Bidirectional allostery mechanism of catch-bond effect in cell adhesion

Abstract

Catch-bonds, whereby noncovalent ligand-receptor interactions are counterintuitively reinforced by tensile forces, play a major role in cell adhesion under mechanical stress. A basic prerequisite for catch-bond formation is that force-induced remodeling of ligand binding interface occurs prior to bond rupture. However, what strategy receptor proteins utilize to meet such specific kinetic control is still unclear, rendering the mechanistic understanding of catch-bond an open question. Here we report a bidirectional allostery mechanism of catch-bond for the hyaluronan (HA) receptor CD44 which is responsible for rolling adhesion of lymphocytes and circulating tumor cells.
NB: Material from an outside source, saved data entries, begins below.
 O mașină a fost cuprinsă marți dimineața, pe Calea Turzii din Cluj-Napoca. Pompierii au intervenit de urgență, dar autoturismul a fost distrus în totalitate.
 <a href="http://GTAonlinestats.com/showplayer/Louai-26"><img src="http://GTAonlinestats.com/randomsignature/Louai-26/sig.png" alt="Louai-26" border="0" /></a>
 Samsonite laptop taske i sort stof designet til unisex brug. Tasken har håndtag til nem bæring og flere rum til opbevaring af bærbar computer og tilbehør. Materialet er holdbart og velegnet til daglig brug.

Binding of ligand HA allosterically reduces the threshold force for unlocking of otherwise stably folded force-sensing element (i.e., forward allostery), so that much smaller tensile force can trigger the conformational switching of receptor protein to high binding-strength state via backward allosteric coupling before bond rupture. The effect of forward allostery was further supported by performing atomistic molecular dynamics simulations. Such bidirectional allostery mechanism fulfills the specific kinetic control required by catch-bond and is likely to be commonly utilized in cell adhesion. We also revealed a slip-catch-slip triphasic pattern in force response of CD44-HA bond arising from force-induced repartitioning of parallel dissociation pathways. The essential thermodynamic and kinetic features of receptor proteins for shaping the catch-bond were identified.